Scammers who duped consumers into paying more than $30 million for bogus business opportunities have settled Federal Trade Commission (FTC) charges that their deceptive claims violated federal law.
The settlements prohibit future violations by the defendants, who promised consumers that they would receive access to overstocked merchandise, expert training in the surplus goods industry, and substantial income.
Among those who settled with the FTC are Sheldon and Judith Takala Fidler and nine companies they controlled: World Traders Association, Inc., United Traders Association, Inc., International Merchandise Group, Inc., Trans-Global Connections, Inc., Musketeer Partners, Inc., Fulfillment Options, Inc., International Associates Worldwide, Inc., Magna Delta, LLC, and Office Options, LLC.

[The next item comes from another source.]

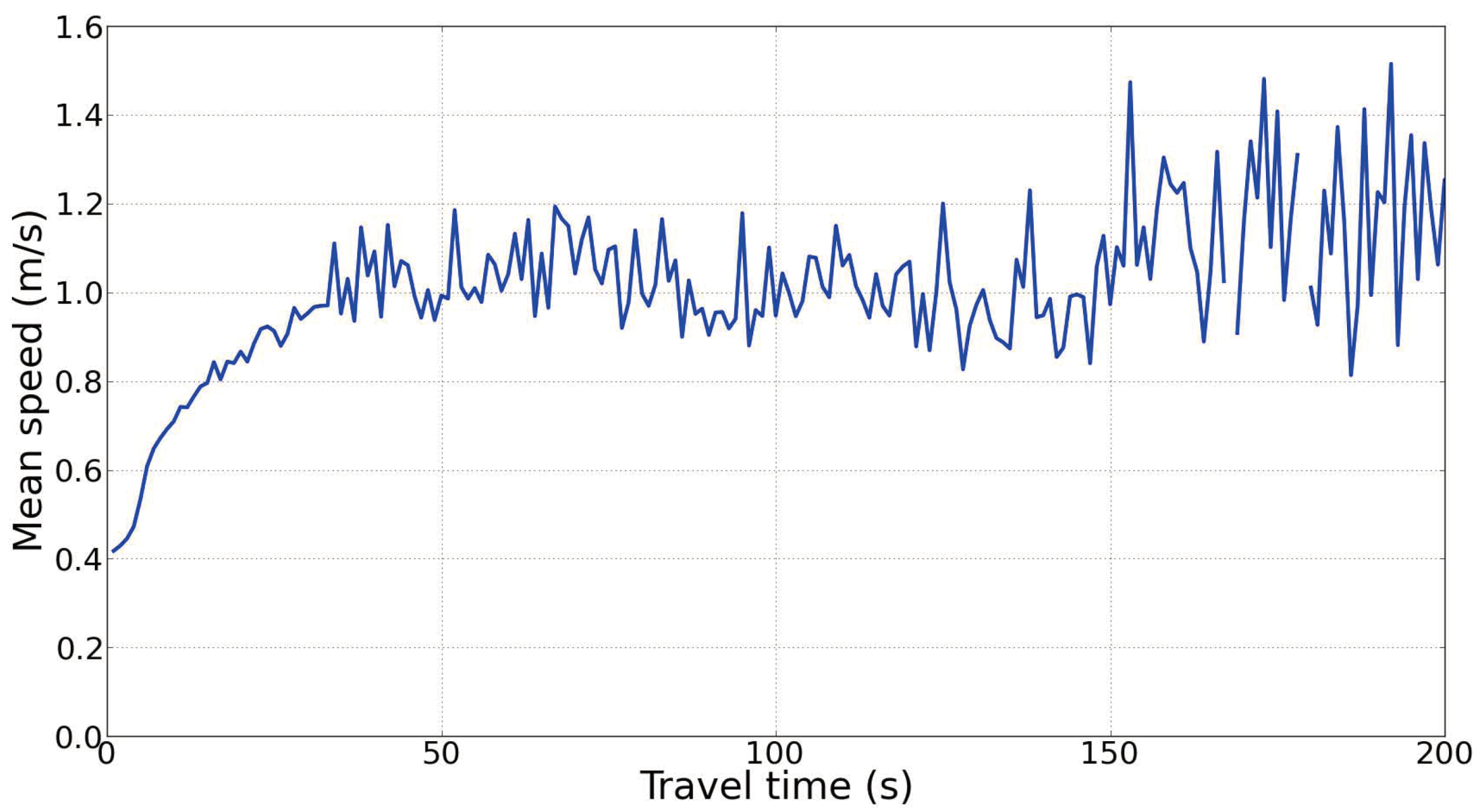 , after having logged contact with a common neighbour 104, whose trace is not shown here. At around t = 200, node 103 detects motion through its accelerometer, which results in a step increase in its uncertainty. However, in the following time instance, node 103 logs contact again with node 104 and reduces its uncertainty again. This happens again in the next cycle with a smaller peak, as node 103 has now switched to a shorter accelerometer duty cycle in motion state. After that, node 103 detects that it has stopped moving, and reverts to slow uncertainty increase. Nodes 337 and node 103 are in the same situation at t = 1,200, 1,250 respectively. At around t = 1,225, node 299 has a sharp increase in uncertainty before node 337 obtains GPS lock and lowers its uncertainty. This is a consequence of using the dynamic speed model with step increases in uncertainty upon motion detection. The last time node 299 got GPS lock, it had a speed of 0.8 m/s. It keeps this speed estimate until its next GPS lock. When it detects motion, it adds

The FTC filed suit in February 2005 as part of "Project Biz Opp Flop," a crackdown on deceptive business opportunity and work-at-home schemes. The settlements entered last April ban the defendants from the business opportunity and franchise industries and prohibit them from misrepresenting any goods or services.

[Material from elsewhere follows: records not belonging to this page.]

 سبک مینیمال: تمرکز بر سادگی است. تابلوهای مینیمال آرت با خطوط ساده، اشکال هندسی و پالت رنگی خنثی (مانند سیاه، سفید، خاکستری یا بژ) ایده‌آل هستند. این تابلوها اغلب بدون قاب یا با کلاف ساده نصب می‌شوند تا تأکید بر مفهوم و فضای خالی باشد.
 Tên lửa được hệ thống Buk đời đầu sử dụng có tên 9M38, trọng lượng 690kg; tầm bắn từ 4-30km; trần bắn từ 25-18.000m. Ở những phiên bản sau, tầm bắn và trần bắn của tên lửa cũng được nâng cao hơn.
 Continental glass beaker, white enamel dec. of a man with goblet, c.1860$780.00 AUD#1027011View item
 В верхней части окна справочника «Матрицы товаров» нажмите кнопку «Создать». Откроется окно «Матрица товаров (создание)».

The settlement orders also bar the defendants from selling or otherwise benefiting from personal information about customers who paid them before the orders were entered. In addition, the orders impose a $30.7 million judgment, which is suspended based on the defendants' inability to pay.
In March 2007, in a related criminal proceeding instituted by the United States Attorneys Office for the Central District of California, Sheldon Fidler pleaded guilty to two counts of mail fraud and received a 60-month prison sentence; he is currently in jail. Judith Fidler pleaded guilty to one count of criminal contempt and received two years of probation.